Transparency is not the new objectivity, but comprehensiveness just might be

In a terrific post, Transparency is the new objectivity, David Weinberger argues that the hyperlink nature of the internet is reshaping our notions of authority. With everybody suddenly a potential author, the old claim to objectivity seems more and more trite and outworn:

Objectivity used to be presented as a stopping point for belief: If the source is objective and well-informed, you have sufficient reason to believe. The objectivity of the reporter is a stopping point for reader’s inquiry. That was part of high-end newspapers’ claimed value: You can’t believe what you read in a slanted tabloid, but our news is objective, so your inquiry can come to rest here. Credentialing systems had the same basic rhythm: You can stop your quest once you come to a credentialed authority who says, “I got this. You can believe it.” End of story.

Instead we demand transparency; to be able to “see through the author’s writings to the sources and values that brought her to that position.”

Transparency gives the reader information by which she can undo some of the unintended effects of the ever-present biases. Transparency brings us to reliability the way objectivity used to.

I think that this kind of “hyper-transparency” -where citing a book isn’t enough, but where a link has to point to the actual resource- may be an essential feature of the internet medium; but whereas it certainly is a necessary condition for establishing reliability, it’s hardly sufficient. After all, what leads to reliability is not the number of hyperlinks to the author’s sources, but trust in the fact that the relevant aspects of the matter have been adequately dealt with.

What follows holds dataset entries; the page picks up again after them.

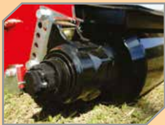
Sistema de mancal à óleo.

Obs: É aconselhável a não permanência de pessoas próximas ou sobre qualquer equipamento em operação.
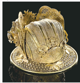
明代双龙戏珠纹冠

新华社香港2月21日电 香港故宫文化博物馆“金彰华彩——香港故宫文化博物馆与梦蝶轩藏古代金器”特别展览于22日向公众开放,共展示220套古代中国金器。
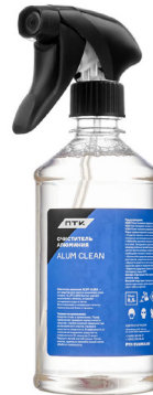
Очиститель алюминия ПTK ALUM CLEAN, 0,5л Артикул: 005.010.454

Средство для моментального удаления сильных загрязнений на изделиях из нержавеющей стали. INOX CLEAN работает как глубокий очиститель, который быстро удаляет загрязнения с металла, при этом не затрагивает защитный слой оксида на поверхности нержавеющей стали. Также, INOX CLEAN восстановит и вернет металлу первоначальный блеск и яркость.

So, instead of objectivity, I’d suggest ‘comprehensiveness’ as a condition for reliability. And it’s a sufficient one too, because on the internet comprehensiveness seems more than ever to subsume transparency.


2 Responses to “Transparency is not the new objectivity, but comprehensiveness just might be”

  1. 1 David Weinberger July 20, 2009 at 4:08 pm

    I agree that transparency isn’t sufficient. But I’m not sure what “sufficient” means outside of any particular context. Likewise, how do we know when comprehensiveness has been achieved? “Comprehensive” in an age of unimaginable abundance also seems to be context-relative.

    • 2 Thomas Hansen July 21, 2009 at 11:24 am

      Hi David,
      is it possible to decide what a sufficient reliability condition is outside of any particular context? Perhaps not, but moving from a particular to a more general level, we could look towards rhetoric for a solution. As a sort of “communication best practice catalogue” under construction since Aristotle, rhetoric has always been dealing with criteria for comprehensiveness. According to tradition a subject is comprehensively, or adequately covered, when certain of the reader’s expectations have been met. For example, if I read about an event, I expect to be told who took part, what went on, where it took place, with what, why, how, and when it happened. If too many of these questions are left unanswered, I start questioning the authority of the person who wrote it. But my expectations about the adequate coverage of an event are not mine alone, many people share them, and that is, IMHO, sufficient.